Richland lawyer worries many area bankruptcies linked to medical debt

Posted: 12:00am on Feb 19, 2012; Modified: 1:40am on Feb 19, 2012

Richland bankruptcy attorney Leslie K. Smith hopes the drop in bankruptcy filings means the Tri-City economy is improving.

But despite the 14 percent decline in bankruptcy filings, Smith said she remains concerned because most cases she sees have their roots in unpaid medical bills.

One client comes to mind because he had the same surgery her son Ryan did -- an appendectomy. Smith said her son, who has insurance through his retired military father, paid a $20 copay for the surgery.

But for a client who had the same surgery, his bill was $28,000 because he had no insurance. He declared bankruptcy with Smith's help, offered pro bono.

Benton County saw a steeper decline, with a drop of about 17 percent to a total of 624 filings last year.

In 2010, new bankruptcy cases fell by 1 percent compared with 2009, according to the Spokane office of the U.S. Bankruptcy Court.

Franklin County saw a larger decline in 2010, when filings dropped by almost 14 percent; and just a 5 percent drop last year, to 271 cases.

Seeing bankruptcies drop reflects the overall strength and diversity of the Tri-City economy, said Don Paddock, a Columbia Basin College business department instructor.

The community has diversified, with agricultural production and processing, and the medical field helping to make the Tri-Cities less dependent on Hanford jobs, he said.

And the area has become a retirement community, with the income of retirees exceeding Hanford payroll, Paddock said.

Nationwide, bankruptcy filings fell by about 12 percent to almost 1.4 million in the past year, according to the National Bankruptcy Research Center's December bankruptcy filings report.
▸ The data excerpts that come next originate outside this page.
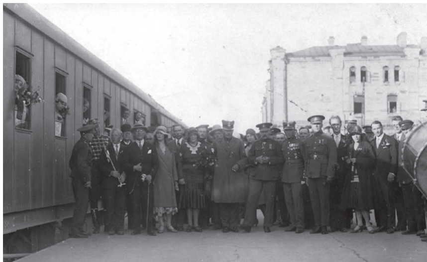
Landeswehri võitjad: kindralid Krišjānis Berķis (keskel vasakul) ja Ernst Põdder Tallinnas Balti jaamas (1920. aastate lõpp). Victors of Landeswehr: Generals Krišjānis Berķis (centre left) and Ernst Põdder in Tallinn at the Baltic Station (late 1920s).

ülemjuhataja kindral Dāvids Simansons oma Eesti kolleegi kindralmajor Johan Laidoneri saata abiks kas või üks soomusrong, sest olukord oli kriitiline.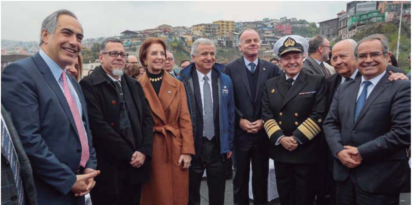
Anuncio de Interoperabilidad entre SICEX, SILGOPORT (Sistema Logístico y Portuario de Valparaíso), Directemar y el Servicio Nacional de Aduanas, Puerto de Valparaíso, agosto 2018.

Esta integración amplía la posibilidad de uso de la Declaración Única de Salida (DUS) embarcada, lo que acorta el ciclo exportador, permitiendo una solicitud anticipada de la legalización de declaración aduanera y, en consecuencia, de la devolución del IVA.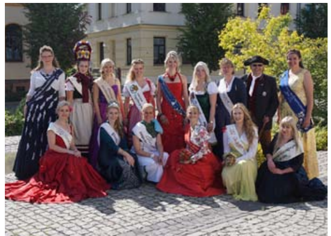
Die Hoheiten aus 2018 beim Besuch des Brückenplatzes

Die Besucher des Marktfestes erwartet außerdem ein aufregendes Programm für Groß und Klein. Für die ordentliche Portion Rhythmus im Blut sorgt die Line-Dance-Gruppe „Black Stetsons“. Spannend geht es außerdem zu bei der Judo-Vorführung des PSV.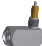
Winkelstück Right-angle attachment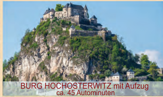
BURG HOCHOSTERWITZ mit Aufzug ca. 45 Autominuten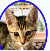
みーくん 5月中旬生まれ ワクチン血液検査手術済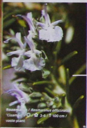
Rozemarijn / Rosmarinus officinalis "Cisampo" ☉ / ☆ 3-6 / ↑ 100 cm / vaste plant

Roger: "Cisampo is een eigenwijze plant, zoals alle rozemarijn. Hij doet wat hij wil."

Smith, who has represented clients declaring bankruptcy since 1992, is hopeful that shows the economy is beginning to recover.

"Normally if people aren't able to get back to work, there are going to be more filings, not fewer," she said.

The extension of unemployment benefits may have kept some people from filing bankruptcy. There also has been an aggressive campaign by debt reorganization companies on TV, Smith said.

Those businesses can negotiate with creditors to come up with payment plans, Smith said. But people should check the business out first, such as checking for complaints with the state Attorney General's Office and the Better Business Bureau.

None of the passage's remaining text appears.